I was looking around for another seat when the Captain strode to Beardface and told him in a firm tone…
“Mr. Chretien, I am the Captain of this plane and I can assure you there is no reason to panic. I have been flying for 15 years and know a thing or two. However, if you continue to act in such a rash manner, I have no choice but to hand you over to the American authorities when we land.”
Even though perhaps the words did not get through, the Captain's tone made sure that the message would have been understood by even most of the single cellular bacteria. He then turned to the steward and said something in Chinese, which I hoped, meant to look for volunteers to gag Mr. Chretien or even better to help him make an exit at 35000 feet. But I was out of luck; the steward rushed in helped by another, who held Monsieur Chretien down and gave him an oxygen cylinder. This seemed to have the desired effect on Mr. Chretien as his words slowly died out and he drifted into the realms of slumberland.
The rest of the flight passed without event and finally we landed at the San Francisco Airport.

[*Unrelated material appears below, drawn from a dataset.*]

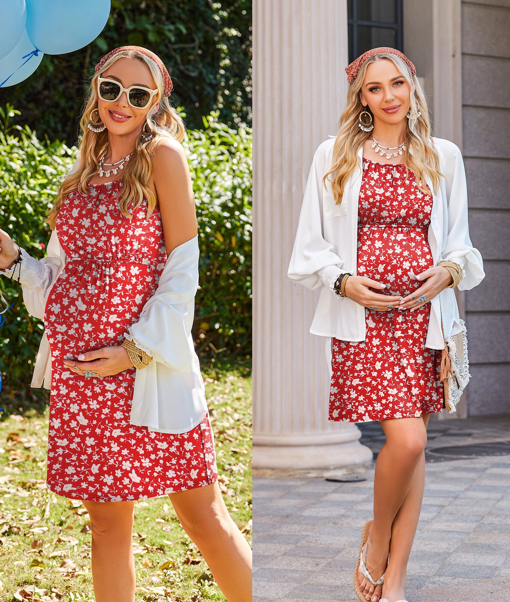 Front double layers wrap with elastic ruched trimmed nursing gown easy to breast-feeding.Adjustable spaghetti strap maternity nursing sleep dress for easy wearing and adjustment to the comfort position you want.

As we were taxiing to the Terminal building, I looked at a red-eyed Mr. Chretien and said extending a verbal olive branch, “Ainsi Monsieur Chretien. Aucuns problèmes. Nous avons débarqué sans risque. D'ailleurs, Je suis Rahul. Je travaille pour Vino Systemes.” (See Mr. Chretien. No problems. We landed safely. By the way I am Rahul. I work for Vino Systems.)
Giving me a 'how could you' look with his bloodshot eyes he said, “Huh… Je… Je suis Jean-Pierre Chretien. Je suis Ingénieur d'études pour Airbus.” (I am Jean-Pierre Chretien. I am the Design Engineer at Airbus.)